- _Directions for this task_
Copy the data exactly, pictures aside.

- _Dataset section_
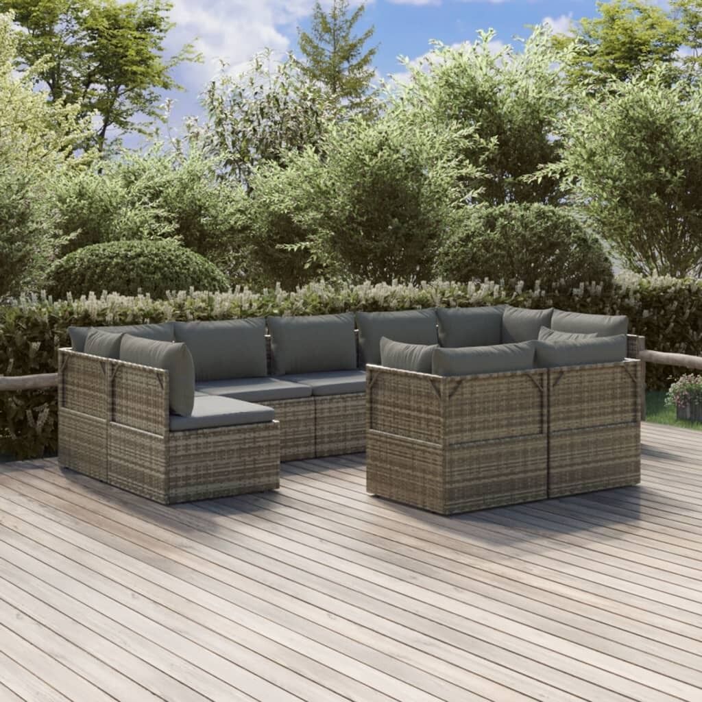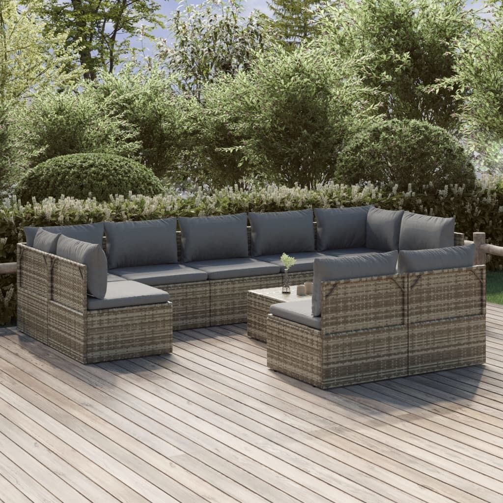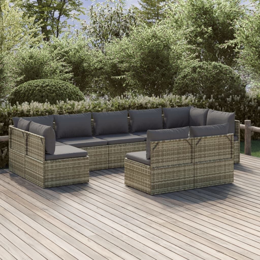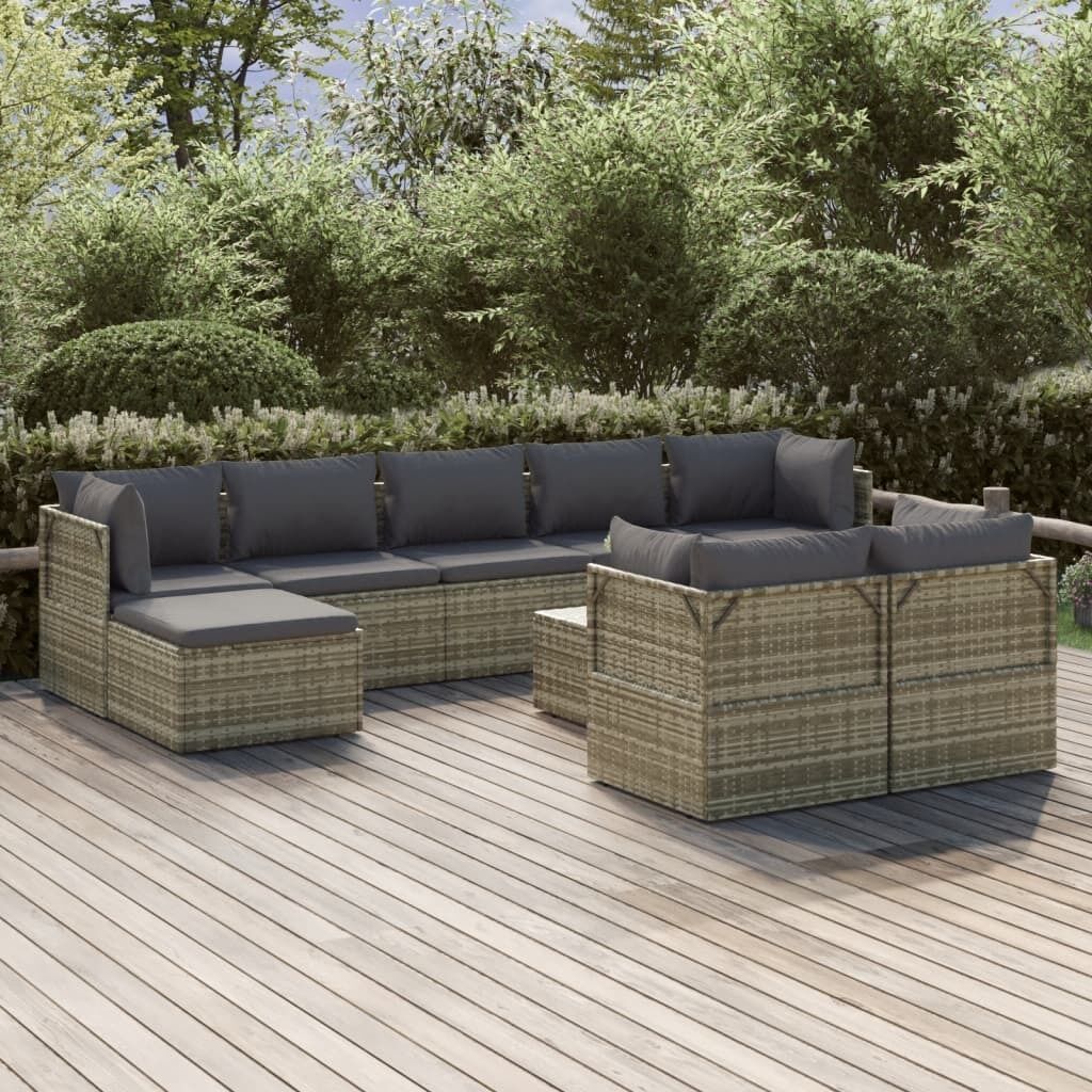 $1,279.33This trendy garden lounge set, featuring an elegant and contemporary design, is a great choice for dining or relaxing in your garden. Durable material: Poly rattan is an exceptional resistance material and durable with different weather conditions. It needs little maintenance. The steel frame ensures sturdiness and stability.Comfortable seat experience: Extra cushions and pillows are included for your comfort.Ample storage space: The storage space makes it easy to keep things organised. It is suitable for storing your cushions, pillows, blankets, toys, and other items.Waterproof bag: The waterproof bag with cover, zipper and hook-and-loop fasteners can keep your belongings safe and protect your items from moisture. Note:In order to extend the life of your outdoor furniture, we recommend you to protect it with a waterproof cover.Each product comes with an assembly manual in the box for easy assembly.
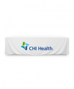 8 ft. Premium PolyKnit throw table cover with one color logo. Fits a 96 inch wide x 30 inch deep table. All corners are rounded meaning they will not gather and lay on the floor. Floor length on 4 sides. This cloth requires no ironing, is EasyCare machine washable and dryer safe.
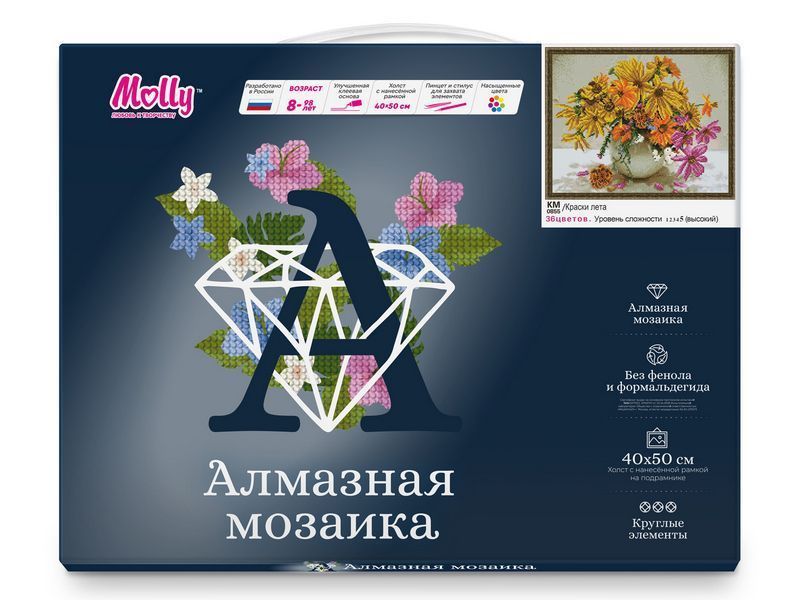 Алмазная мозаика - наборы, в которых желаемое изображение выкладывается на основе со схемой рисунка при помощи специальных декоративных элементов. Подсказка в виде нанесенного контура существенно облегчает задачу и дает возможность создавать картину даже людям, не имеющим художественных навыков. Готовая картина переливается на свету всеми цветами радуги. К тому же, принцип рисования по номерам, заложенный в основу создания алмазной мозаики, делает такое творчество доступным каждому и исключает неудачи.

- _Task response_
 $1,279.33This trendy garden lounge set, featuring an elegant and contemporary design, is a great choice for dining or relaxing in your garden. Durable material: Poly rattan is an exceptional resistance material and durable with different weather conditions. It needs little maintenance. The steel frame ensures sturdiness and stability.Comfortable seat experience: Extra cushions and pillows are included for your comfort.Ample storage space: The storage space makes it easy to keep things organised. It is suitable for storing your cushions, pillows, blankets, toys, and other items.Waterproof bag: The waterproof bag with cover, zipper and hook-and-loop fasteners can keep your belongings safe and protect your items from moisture. Note:In order to extend the life of your outdoor furniture, we recommend you to protect it with a waterproof cover.Each product comes with an assembly manual in the box for easy assembly.
 8 ft. Premium PolyKnit throw table cover with one color logo. Fits a 96 inch wide x 30 inch deep table. All corners are rounded meaning they will not gather and lay on the floor. Floor length on 4 sides. This cloth requires no ironing, is EasyCare machine washable and dryer safe.
 Алмазная мозаика - наборы, в которых желаемое изображение выкладывается на основе со схемой рисунка при помощи специальных декоративных элементов. Подсказка в виде нанесенного контура существенно облегчает задачу и дает возможность создавать картину даже людям, не имеющим художественных навыков. Готовая картина переливается на свету всеми цветами радуги. К тому же, принцип рисования по номерам, заложенный в основу создания алмазной мозаики, делает такое творчество доступным каждому и исключает неудачи.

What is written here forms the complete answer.